Several have stepped up to the plate already, including, for instance, companies like Goldman Sachs, ExxonMobil, and Coca-Cola. Despite some important successes, these companies often find integrating women into the world economy harder than it looks. To get it right, you must be very patient, pay very close attention specifically to the gender issues, step very carefully, and stand always ready to try a different approach or invent a new procedure for bringing this shadow economy into the global community.
The Empowering Women Together project is, I believe, a breakthrough innovation. I have four reasons why I think this is true:
The Walmart system can give women-owned businesses access to a large market. You can teach entrepreneurship skills or open access to capital all you want, but until a woman has a customer base, her business is not going to grow. Those of us who work in this space on a day-to-day basis have learned in the past couple of years that “access to markets” (as the phrase goes) is a key problem for the Double X Economy.
EWT is holistic: it links women-as-consumers to women-as-producers in a way that can allow the Double X Economy to function like a modern system. Female consumers consistently demonstrate their interest in helping other women. By closing the loop between production and consumption, then working to connect up all the necessary points of contact from sourcing standards to shipping, EWT can help the world learn how the tricky businesses of knitting the Double X Economy to the formal system can be done.
The sheer size of Walmart will draw other companies and even governments into the effort on behalf of women. As an economic entity, Walmart is the size of Norway. As a global provisioning system (“retailer” is not a big enough word), Walmart draws from an extraordinarily wide swath of supply chains. What Walmart chooses to do in any particular part of their market affects every other organization that participates in that market.
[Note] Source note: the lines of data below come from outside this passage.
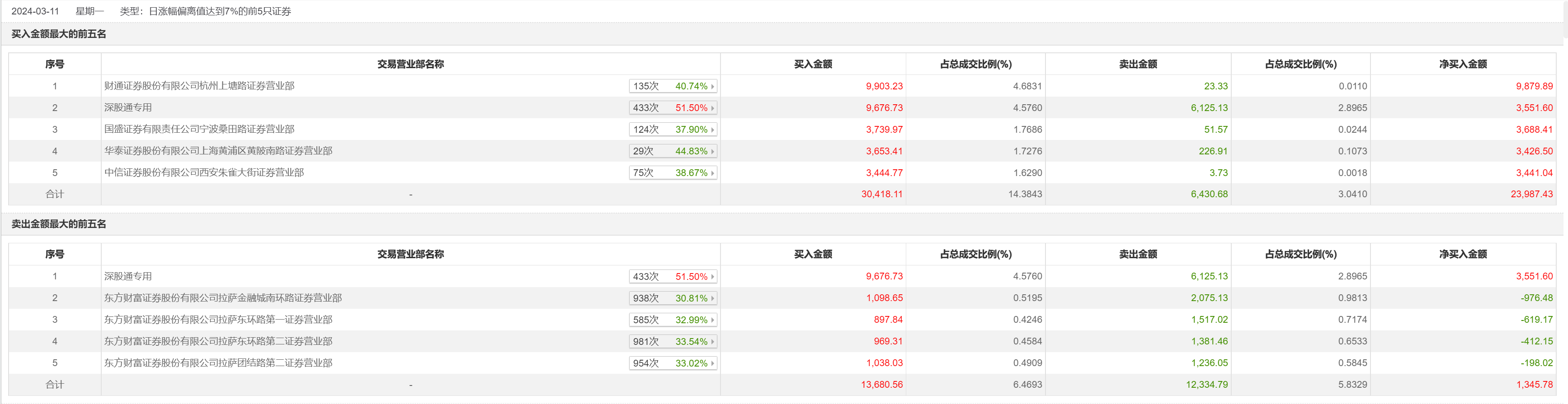 3月11日,拓维信息今日涨停,成交额21.15亿元,换手率11.67%,盘后龙虎榜数据显示,上塘路席位净买入9879.9万元,深股通专用席位买入9676.73万元并卖出6125.13万元。
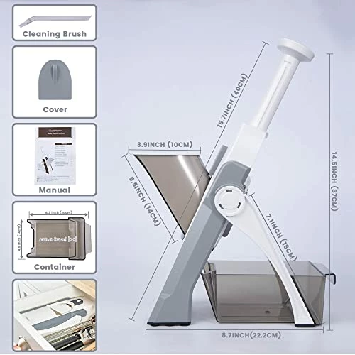 - SAFE MANDOLINE SLICER: The unique design prevents your hands from ever going near the built-in blades. Even your child can use it quickly cut vegetables into slices, dice, and julienne, this mandoline is the safest option for slicing. The entrance size is 2.9*3.3, if the food is too large, please cut it and then put it in.
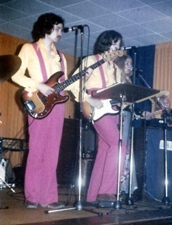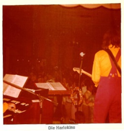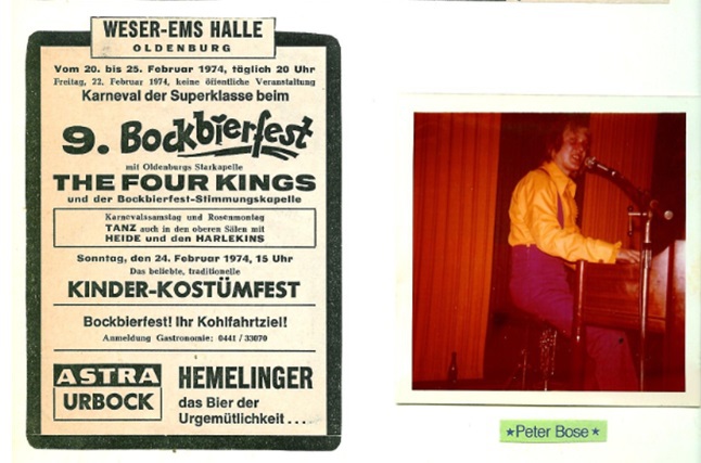Dieser alte Kasten, der von meinen Eltern argwöhnisch registriert wird, ist dann bei meinem ersten öffentlichen Auftritt am 11.04.1971 in Wöbkens Gasthaus in Achternholt ".. mit Tanz auch für die mittlere Generation .." dabei. Ich erinnere mich gut an meine Nervosität, an des Sängers theatralische Gesten bei den Peter Maffay-Schnulzen und ähnlichen "Schlüpferstürmern" sowie an die Milchflaschen auf der Bühne, die das Bild eines unschuldigen Kindergeburtstags vermitteln. Mein musikalischer Beitrag als Begleitgitarrist ohne Gesang ist dabei bescheiden. Trotzdem bin ich ab jetzt infiziert.
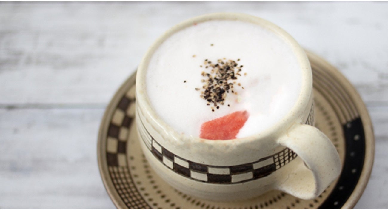 「飲む明太子」という新体験。博多のソウルフード・明太子の豊かな旨みと粒感を、白みそとバターのまろやかなベールで包み込みました。 濃厚でクリーミーなラテは、まさに"飲む美食"。サクサクのバゲットをディップしながら、その奥深いハーモニーを心ゆくまでご堪能ください。
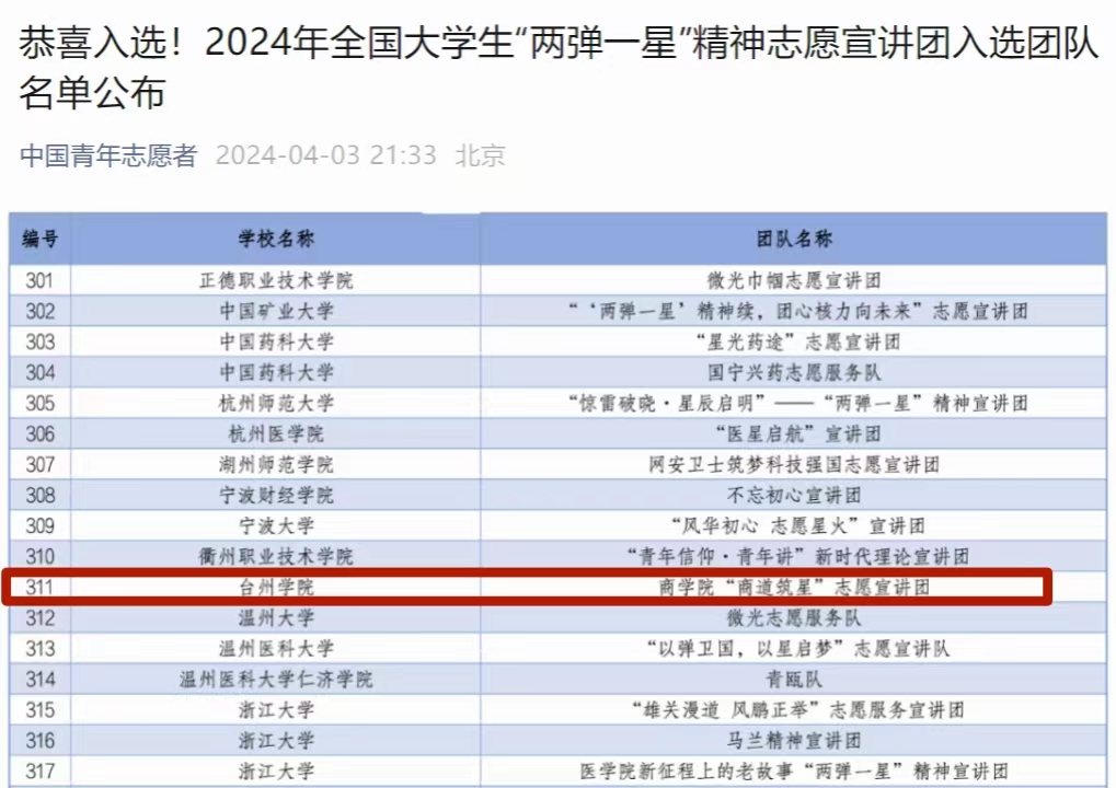 近日,团中央青年志愿者行动指导中心、中国核工业集团有限公司近日联合发布了《关于遴选2024年全国大学生“两弹一星”精神志愿宣讲团的公告》。活动得到了各高校志愿服务团队的广泛关注和积极参与,最终遴选出北京大学、清华大学、北京航空航天大学等870所高校的1000支大学生志愿服务团队。永利官网“商道筑星”志愿宣讲团成功入选!
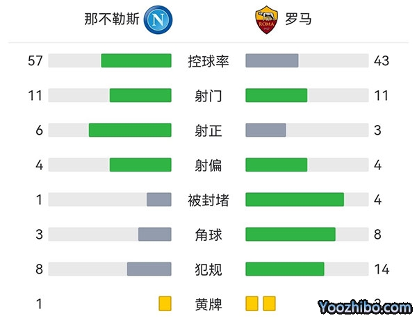 全场比赛结束,最终那不勒斯2-1击败罗马。

This effort is operating within the actual Walmart business system. If it can be made to work and be sustainable, it will not be a one-off CSR initiative, but will presage a fundamental change in the way world business works.
Many companies today have awards they give high achieving women or charitable efforts that benefit poor mothers or special “leadership” seminars for their female employees. EWT holds the promise of an entirely different order: it points toward systemic change.
Beginning with the empires of Mesopotamia, major institutions of societies everywhere—the church, the state, the military, the universities—have worked to exclude and subordinate women. Today, multinationals represent a new kind of organizational sector, a commercial force with a unique kind of power and unprecedented command of resources. For one of the biggest of these to suddenly throw its weight—its thinking, its systems, its capabilities—into the world arena on behalf of women is something the likes of which has never occurred in history. I wanted to be there to see it.